I think it's worth noting that this has actually demonstrated a rather significant issue with threaded privsep, which is that forking from a Python thread is really not a safe thing to do.[1][2]
Sure, we could just say "don't fork in privileged code", but in this case the fork wasn't even in our code, it was in a library we were using. There are a few options, none of which I'm crazy about at this point:
* Provide a way for callers to specify that a call needs to run in-process rather than in the thread-pool. Two problems with this: 1) It requires the callers to know that forking is happening and 2) I'm not sure it actually fixes all of the potential problems. You might need to have a completely separate privsep daemon to avoid the potential bad fork/thread interactions.
* Switch to multiprocessing so calls execute in their own process. I may be wrong, but I think this requires all of the parameters passed in to be pickleable, which I bet is not remotely the case right now.

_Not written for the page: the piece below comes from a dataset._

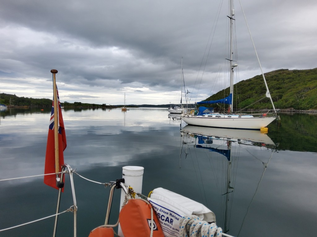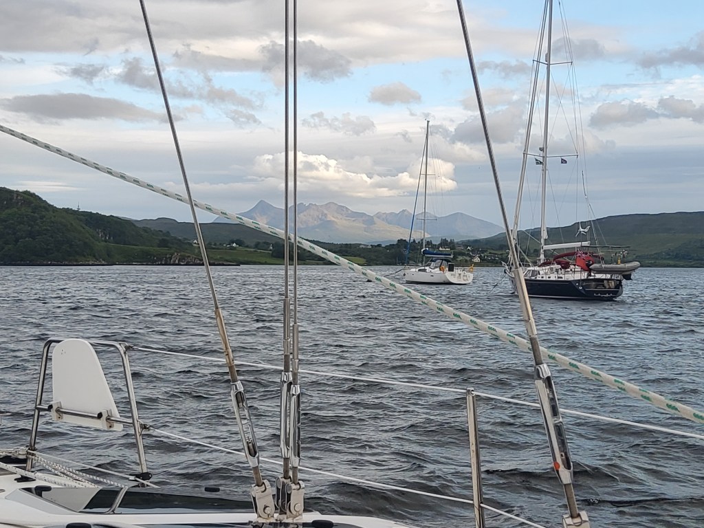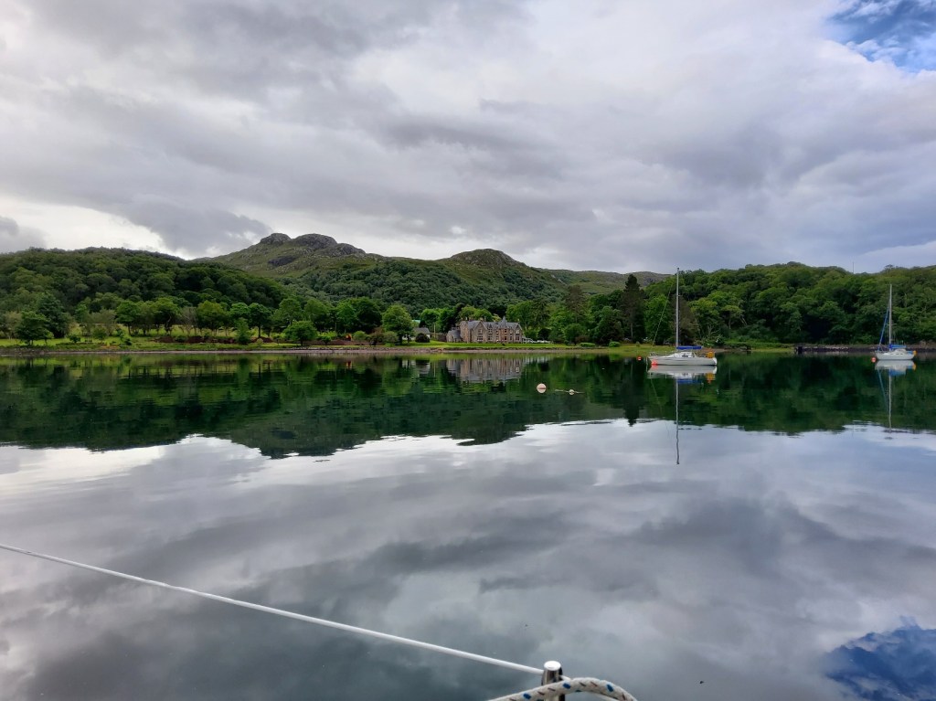 Gairloch was our next destination, a five hour journey with a decent wind to carry us along. We stopped at the rather rundown pontoons in the Harbour, and took our Calor gas bottle for a walk to the local garage for an exchange. We put our mooring fee in the honesty box and went off to find an anchorage in Loch Shieldaig. A beautiful spot and… QUIET. There was again no internet nor phone signals, so almost as soon as we’d finished dinner we went to bed. We both slept pretty much 12 hours solid!

I'm open to suggestions that are better than playing whack-a-mole with these bugs using a threaded and un-threaded daemon.
-Ben
1: https://rachelbythebay.com/w/2011/06/07/forked/ 2: https://rachelbythebay.com/w/2014/08/16/forkenv/
On 1/17/19 2:12 PM, Slawomir Kaplonski wrote:
Hi,
Recently we had one more issue related to oslo.privsep and pyroute2. This caused many failures in Neutron CI. See [1] for details. Now fix (more like a workaround) for this issue is merged [2]. So if You saw in Your patch failing tempest/scenario jobs and in failed tests there were issues with SSH to instance through floating IP, please now rebase Your patch. It should be better :)
[1] https://bugs.launchpad.net/neutron/+bug/1811515 [2] https://review.openstack.org/#/c/631275/
— Slawek Kaplonski Senior software engineer Red Hat